There's a big crazy drunken debauchery weekend involving elaborate fancy dress, appalling quantities of alcohol, Latin and shaving foam, but we'll not go into that now.

Somehow, this sounds so much more appealing than the US version, even though I'm guessing it's pretty much the same vibe.

(Funny how big those 3-year gaps seemed then, and so nearly nonexistent now, isn't it?)


Nora Deirdre - Dec 04, 2007 6:10:50 am PST #7027 of 10002
I’m responsible for my own happiness? I can’t even be responsible for my own breakfast! (Bojack Horseman)

Fay, how did I not know you were a St. Andrew's grad? That's Tom's alma mater as well.

But I do remember you weighing in on St. Andrew's town-related things when I write about visiting Tom's mother so maybe I did know.


Fay - Dec 04, 2007 6:19:06 am PST #7028 of 10002
"Fuck Western ideologically-motivated gender identification!" Sulu gasped, and came.

Good grief, Nora, is it really? Huh. Small world!

I graduated in 1996, and much as I adored the place I didn't make it back until just over a year ago. I found it very little changed in the interim.

What did Tom study? I remember being struck that one must have a very different experience of the place depending on what one was studying - the Arts people tended to spend a lot of time around St Salvators centuries' old quad, whereas the Divines (and/or the Medics?

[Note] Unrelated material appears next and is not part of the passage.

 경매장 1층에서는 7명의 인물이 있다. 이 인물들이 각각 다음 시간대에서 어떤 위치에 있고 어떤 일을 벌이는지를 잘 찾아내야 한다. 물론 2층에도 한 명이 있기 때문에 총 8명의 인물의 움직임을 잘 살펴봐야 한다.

I forget) were over in St Mary's - equally ancient, I think, but smaller and quieter. And then the Scientists would be over on the other side of town in lots of big shiny new buildings, rather than wandering through cobbled streets and looking out over the ruins of the castle onto the sea.

Mind you, it was only a 15 minute walk, tops, to get anywhere in town.

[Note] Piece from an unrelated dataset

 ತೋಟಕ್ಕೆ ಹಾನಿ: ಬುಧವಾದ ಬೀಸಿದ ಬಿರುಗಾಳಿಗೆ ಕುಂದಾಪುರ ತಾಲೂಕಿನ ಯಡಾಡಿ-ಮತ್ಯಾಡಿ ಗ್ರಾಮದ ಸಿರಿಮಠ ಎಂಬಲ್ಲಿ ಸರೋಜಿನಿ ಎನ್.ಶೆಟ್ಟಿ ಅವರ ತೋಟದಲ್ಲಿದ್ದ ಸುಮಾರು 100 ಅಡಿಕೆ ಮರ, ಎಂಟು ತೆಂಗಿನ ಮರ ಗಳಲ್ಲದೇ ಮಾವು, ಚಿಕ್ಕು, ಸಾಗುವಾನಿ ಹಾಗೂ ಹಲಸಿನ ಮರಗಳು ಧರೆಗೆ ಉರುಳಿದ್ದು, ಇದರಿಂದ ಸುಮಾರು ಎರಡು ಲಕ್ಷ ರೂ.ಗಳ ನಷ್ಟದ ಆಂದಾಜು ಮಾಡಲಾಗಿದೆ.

Emily - Dec 04, 2007 6:23:07 am PST #7029 of 10002
"In the equation E = mc⬧, c⬧ is a pretty big honking number." - Scola

What did Tom study?

Something with whales, wasn't it?


Nora Deirdre - Dec 04, 2007 6:24:22 am PST #7030 of 10002
I’m responsible for my own happiness? I can’t even be responsible for my own breakfast! (Bojack Horseman)

Mind you, it was only a 15 minute walk, tops, to get anywhere in town.

Yeah, I love St. Andrews for this. I've only been there a few times (4?) but I feel like I *know* it already.

Tom graduated in... '93 maybe? He started out in Astronomy but switched over to Philosophy. Also semi-active in the LibDem organization on campus and in Fife.